Report Automation Framework

Company: Santander Bank Poland Santander Bank Poland

Automated generation of a comprehensive C-level Credit Risk report, replacing a semi-manual Excel-based process and significantly reducing the time required from days to hours.

Technologies Used

Python Streamlit pandas plotly python-pptx pyodbc openpyxl PowerPoint SharePoint

Due to NDAs, no real screenshots or code can be shown for corporate projects

Problem Definition

“Can you bring this to Excel?” “Can we have it as PowerPoint slides?”

These words might be like a nightmare in the data world, haunting many people. But sometimes we don’t really have an impact on that, for instance due to some formal or regulatory reasons.

However, what we do have an impact on is how we generate these slides (or Excel files, but in this case it will be the slides).

And one of the biggest slide decks I have encountered was “Entity Report” - a comprehensive C-level summary of all risk information for the Polish branch of the bank, created by Credit Risk department on a monthly basis. Dozens of pages of PowerPoint slides, packed with charts and tables.

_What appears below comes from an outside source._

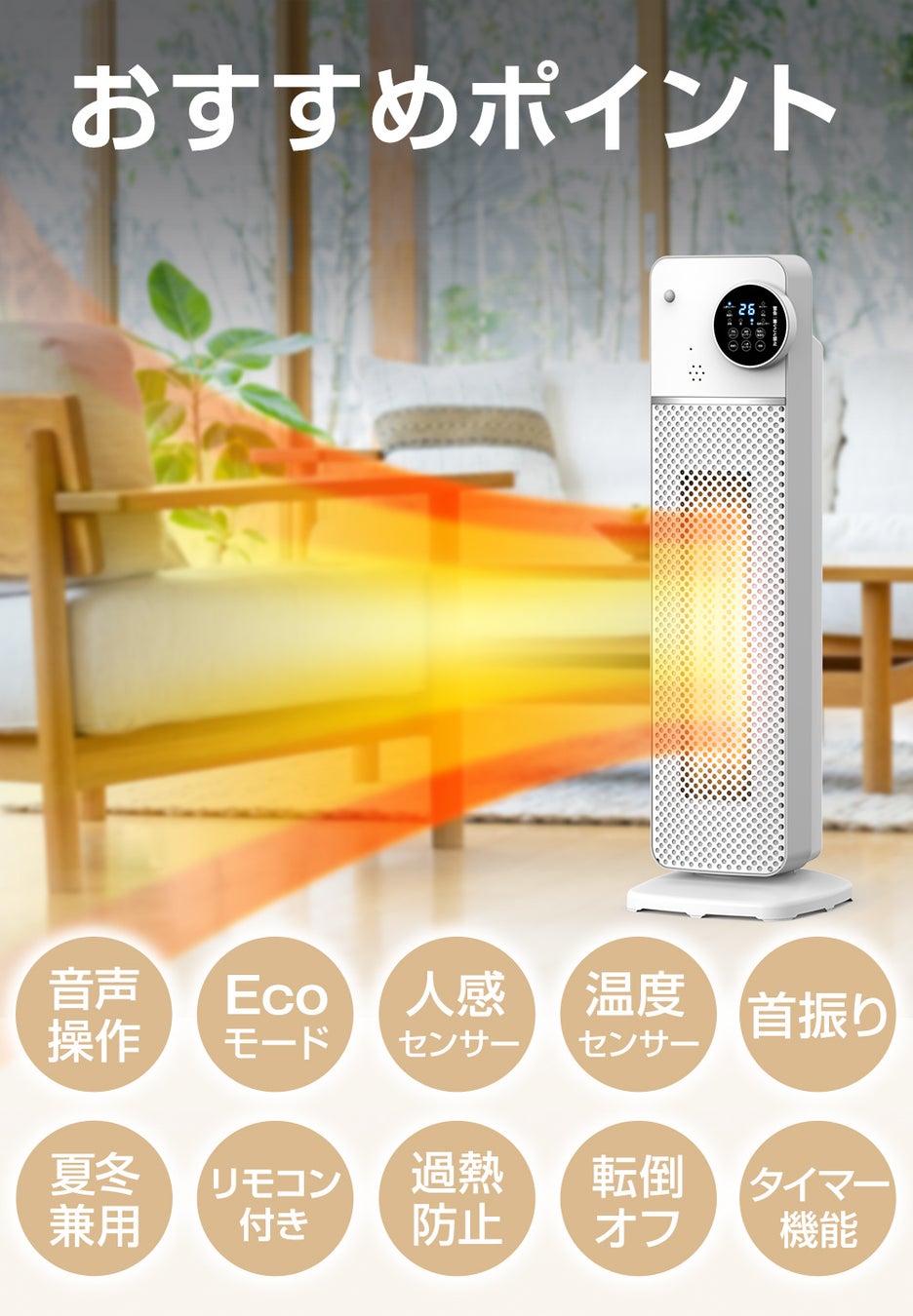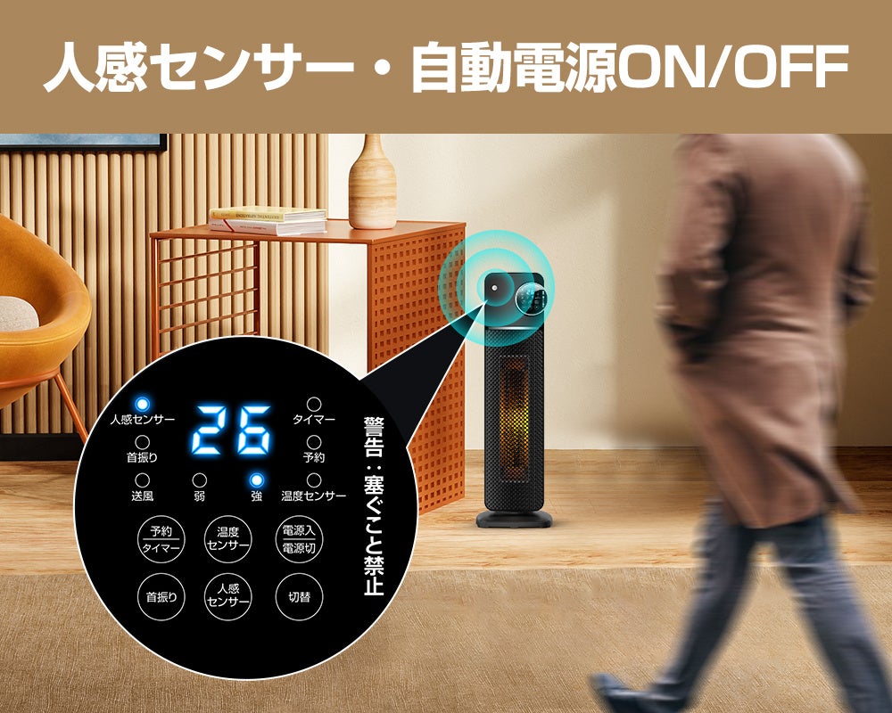 「1秒速暖」「人感センサー」「首振り機能」多機能が搭載されたコスパ高い1台!

And how to create it? The process was already semi-automated, Excel-based:

  • Source data would come from SQL database and other Excel files
  • Then this data would populate many sheets in this one, central Excel file
  • Based on loaded source data, charts and tables were generated inside the Excel file
  • And then VBA macros would generate PowerPoint file, taking tables and charts created in the Excel file

Does not sound that bad? Could be worse, that’s true, but it still had some pain points:

  • Only part of the whole process was covered by the centralized Excel file
  • Besides charts and tables, there was way more content to be added to the slides themselves, as well as pre-made slides to be integrated as a whole deck, so a lot of manual work was still required
  • Checking the availability of source data or running the whole process in separate, modular parts was not really possible
  • And the maintenance of VBA macros wasn’t the most pleasant experience
  • So in the end, the entire process took days to complete

Solution

My responsibility was to overhaul the entire process and create a Python-based solution. The key requirement was simple: a less technical team member should be able to generate the report themselves, without needing to understand the Python code.

And the rest? How to implement it? Well, it was left for my fantasy…expertise I mean, of course.

And what I’ve built together with my coworkers was:

  • Data layer connecting to multiple SQL databases and processing Excel files, checking data availability in the first place as well
  • Visualization engine generating dozens of charts with Plotly, exported as images
  • Report generator using python-pptx to create and manipulate PowerPoint slides, including dynamic slide creation and table generation
  • Streamlit “Control Panel” - a user-friendly interface guiding users step by step through the process, checking if all data sources are available before proceeding

The interface was crucial - it made the whole thing accessible to non-technical users who just needed to click through the steps.

Impact

Time savings - a reduction from up to a few days to hours, or just 1-2 days.

It was still not a 100% fully automated process, as there was a need for human involvement anyway, like Subject Matter Experts confirming the final content of the slides, or the requirements or source data would change over time, but it was a very significant reduction of manual work required.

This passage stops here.